__WHAT IS BEING ASKED__.
Transcribe the entries below exactly; leave every image out.

════════════════════

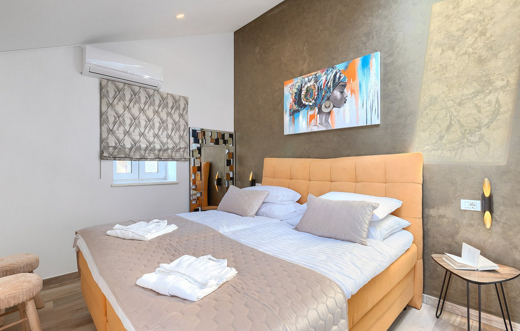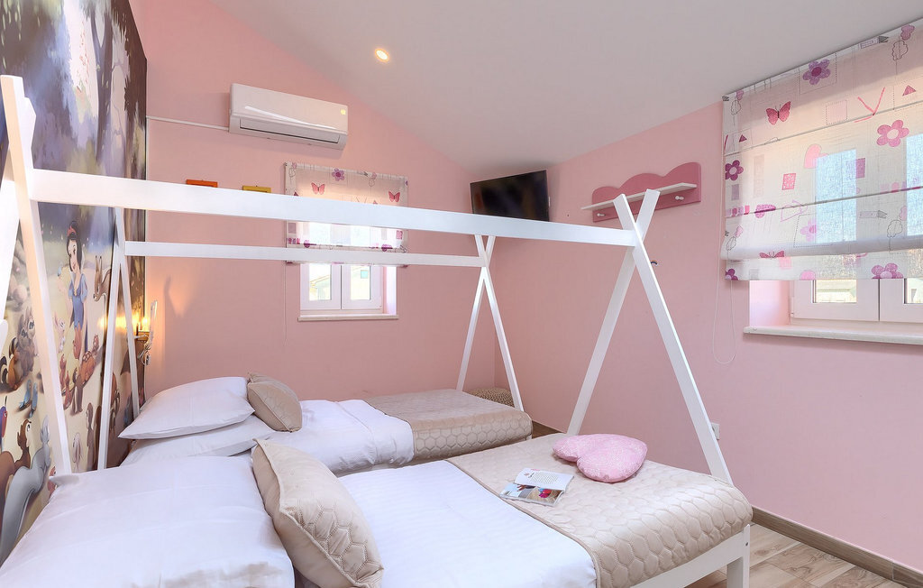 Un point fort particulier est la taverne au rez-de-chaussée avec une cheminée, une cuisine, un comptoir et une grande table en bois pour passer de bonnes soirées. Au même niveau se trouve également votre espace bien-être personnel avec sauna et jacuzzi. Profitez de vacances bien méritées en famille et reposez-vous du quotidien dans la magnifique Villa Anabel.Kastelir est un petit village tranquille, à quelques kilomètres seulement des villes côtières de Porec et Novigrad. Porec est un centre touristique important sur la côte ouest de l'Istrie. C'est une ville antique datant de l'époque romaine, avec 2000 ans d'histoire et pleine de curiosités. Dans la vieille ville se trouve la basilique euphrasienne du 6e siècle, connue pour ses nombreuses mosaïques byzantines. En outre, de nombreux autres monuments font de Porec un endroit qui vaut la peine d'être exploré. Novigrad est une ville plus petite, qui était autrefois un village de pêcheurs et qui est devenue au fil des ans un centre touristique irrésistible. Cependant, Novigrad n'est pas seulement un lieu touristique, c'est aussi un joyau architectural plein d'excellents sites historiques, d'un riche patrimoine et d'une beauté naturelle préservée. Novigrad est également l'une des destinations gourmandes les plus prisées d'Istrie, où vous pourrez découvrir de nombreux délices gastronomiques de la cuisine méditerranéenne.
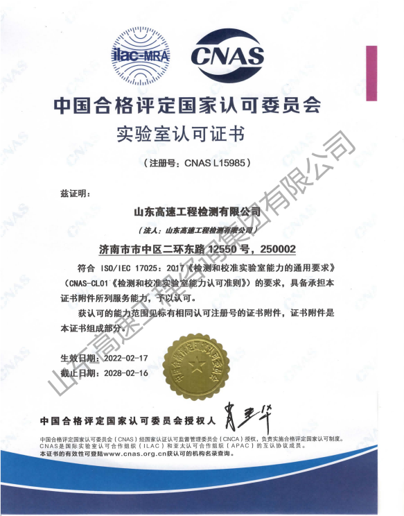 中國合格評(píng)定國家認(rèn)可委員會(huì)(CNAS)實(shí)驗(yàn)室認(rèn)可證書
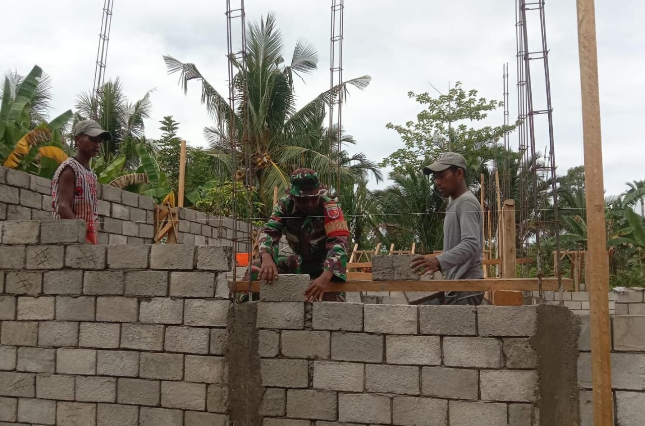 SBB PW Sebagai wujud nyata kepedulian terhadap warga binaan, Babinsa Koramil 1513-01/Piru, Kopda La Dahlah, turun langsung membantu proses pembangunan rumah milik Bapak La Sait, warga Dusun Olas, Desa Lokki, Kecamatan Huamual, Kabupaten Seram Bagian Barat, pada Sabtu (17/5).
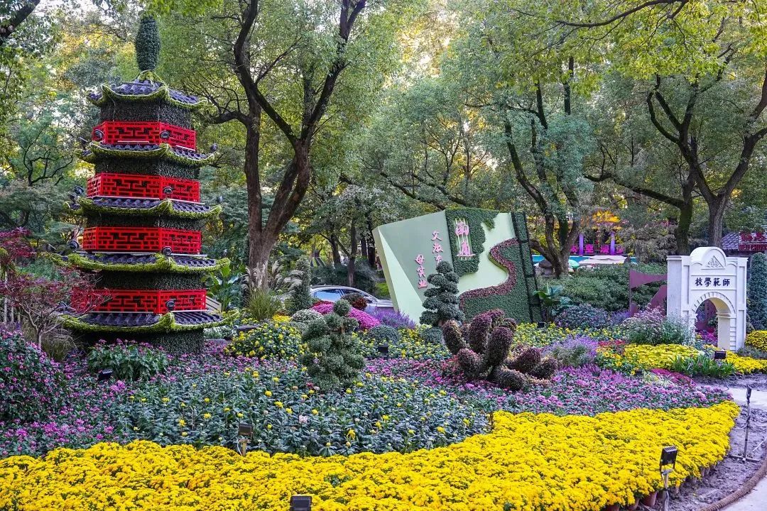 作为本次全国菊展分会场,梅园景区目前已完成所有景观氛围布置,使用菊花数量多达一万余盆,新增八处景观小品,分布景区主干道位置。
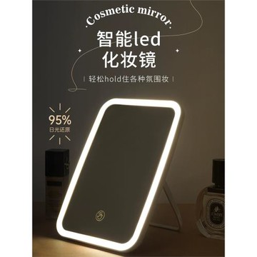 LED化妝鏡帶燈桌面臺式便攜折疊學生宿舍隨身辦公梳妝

════════════════════

__ANSWER SECTION__.
 Un point fort particulier est la taverne au rez-de-chaussée avec une cheminée, une cuisine, un comptoir et une grande table en bois pour passer de bonnes soirées. Au même niveau se trouve également votre espace bien-être personnel avec sauna et jacuzzi. Profitez de vacances bien méritées en famille et reposez-vous du quotidien dans la magnifique Villa Anabel.Kastelir est un petit village tranquille, à quelques kilomètres seulement des villes côtières de Porec et Novigrad. Porec est un centre touristique important sur la côte ouest de l'Istrie. C'est une ville antique datant de l'époque romaine, avec 2000 ans d'histoire et pleine de curiosités. Dans la vieille ville se trouve la basilique euphrasienne du 6e siècle, connue pour ses nombreuses mosaïques byzantines. En outre, de nombreux autres monuments font de Porec un endroit qui vaut la peine d'être exploré. Novigrad est une ville plus petite, qui était autrefois un village de pêcheurs et qui est devenue au fil des ans un centre touristique irrésistible. Cependant, Novigrad n'est pas seulement un lieu touristique, c'est aussi un joyau architectural plein d'excellents sites historiques, d'un riche patrimoine et d'une beauté naturelle préservée. Novigrad est également l'une des destinations gourmandes les plus prisées d'Istrie, où vous pourrez découvrir de nombreux délices gastronomiques de la cuisine méditerranéenne.
 中國合格評(píng)定國家認(rèn)可委員會(huì)(CNAS)實(shí)驗(yàn)室認(rèn)可證書
 SBB PW Sebagai wujud nyata kepedulian terhadap warga binaan, Babinsa Koramil 1513-01/Piru, Kopda La Dahlah, turun langsung membantu proses pembangunan rumah milik Bapak La Sait, warga Dusun Olas, Desa Lokki, Kecamatan Huamual, Kabupaten Seram Bagian Barat, pada Sabtu (17/5).
 作为本次全国菊展分会场,梅园景区目前已完成所有景观氛围布置,使用菊花数量多达一万余盆,新增八处景观小品,分布景区主干道位置。
 LED化妝鏡帶燈桌面臺式便攜折疊學生宿舍隨身辦公梳妝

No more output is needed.